On turning 40 today
Holy crap.
In case you’re wondering how I spent such a milestone of a day: well, I spent hours of it at an important virtual grant review meeting with the Department of Defense. Alas, when it came time for my own big presentation at that meeting—about what my students and I had done over the past five years to lay the theoretical foundations for the recent achievement of quantum computational supremacy—I’d uploaded the completely wrong PowerPoint file (it was something.pptx rather than something.ppt, where they weren’t two versions of the same presentation). Sorting this out took about 10 minutes, destroyed my momentum, and wasted everyone’s time. I partly blame the Microsoft Teams platform, whose limitations as conferencing software compared to Zoom necessitated emailing my presentation in the first place. But of course, part of the blame rests with me.

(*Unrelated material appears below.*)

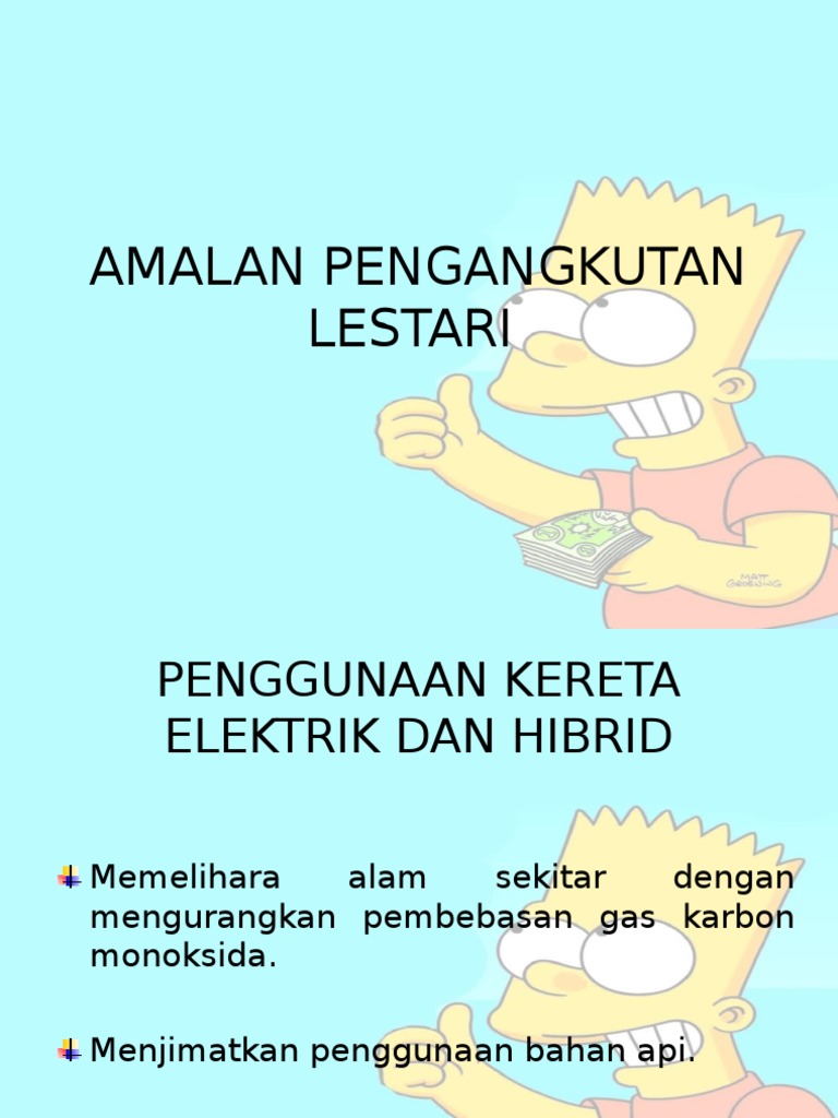 Cadangan bagi menerapkan amalan pengangkutan lestari dalam kalangan rakyat malaysia. Contoh karangan kerajaan telah berusaha untuk memastikan sistem pengangkutan awam berjalan lancar. Oleh itu kejayaan program kitar semula banyak bergantung kepada kerjasama yang erat dalam kalangan semua pihak. Kuat kuasa undang undang tindakan tegas perlu diambil terhadap pemandu bas yang melakukan kesalahan yang berulang ulang. Lestari penggunaan kereta elektrik dan hibrid.

I had to explain apologetically to the US Department of Defense that I’m no good with tech stuff—being a mere computer science PhD. And unlike many of my colleagues (who I envy), back in my youth—for at age 40 I’m no longer young—I never had enough time to become both the kind of person who might earn a big grant to do quantum computing theory, and the kind of person who’d be minimally competent at the logistics of a review meeting for such a grant.
Forty years. Seven-eighths of those years, aware of the finiteness of the speed of light and of its value. Four-fifths of them, aware of the grislier details of the Holocaust. Three-quarters of them, aware of what it means to write code. Two-thirds of them, aware of polynomial versus exponential time. More than half of them trying to understand the capabilities and limitations of quantum computers as my day job. And then, rounding the corner, more than a third of the years writing this blog, a third of them being a professor, a quarter of them married, a fifth of them raising kids, a thirtieth of them in the midst of a global pandemic.
I didn’t even come close to achieving everything I hoped I would in my thirties. At least a half-dozen major papers, ones I expected would’ve been finished years ago (on the mixing of coffee and cream, on complexity and firewalls and AdS/CFT, on certified random numbers from sampling-based quantum supremacy experiments, on the implications of the Raz-Tal oracle separation, …), still need to be revised or even written. Other projects (e.g., the graphic novel about teaching math to Lily) were excitedly announced and then barely even started. I never wrote most of my promised blog post about the continuum hypothesis, or the one about Stephen Wolfram’s recrudescent claims of a unified theory of physics. And covid, which determined the world’s working conditions while we were running out the clock, turned out not to be a hyper-productive time for me. That’s how you know I’m not Newton (well, it’s the not the only way you know).
Anyway, during the runup to it, one’s 40th birthday feels like a temporal singularity, where you have to compress more and more of what you’d hoped to achieve before age 40 as you get closer and closer to it, because what the hell is there on the other side? They‘re over-40 and hence “old”; you’re under-40 and hence still “young.”
OK, but here I am on the other side right now, the “old” side, and I’m still here, still thinking and writing and feeling fairly continuous with my pre-singularity embodiment! And so far, in 16 hours on this side, the most senile thing I’ve done has been to email the wrong file attachment and thereby ruin an important funding presenta… you know what, let’s not even go there.
If you feel compelled to give me a 40th birthday present, then just make it a comment on this post, as short or long as you like, about what anything I said or did meant for you. I’m a total softie for that stuff.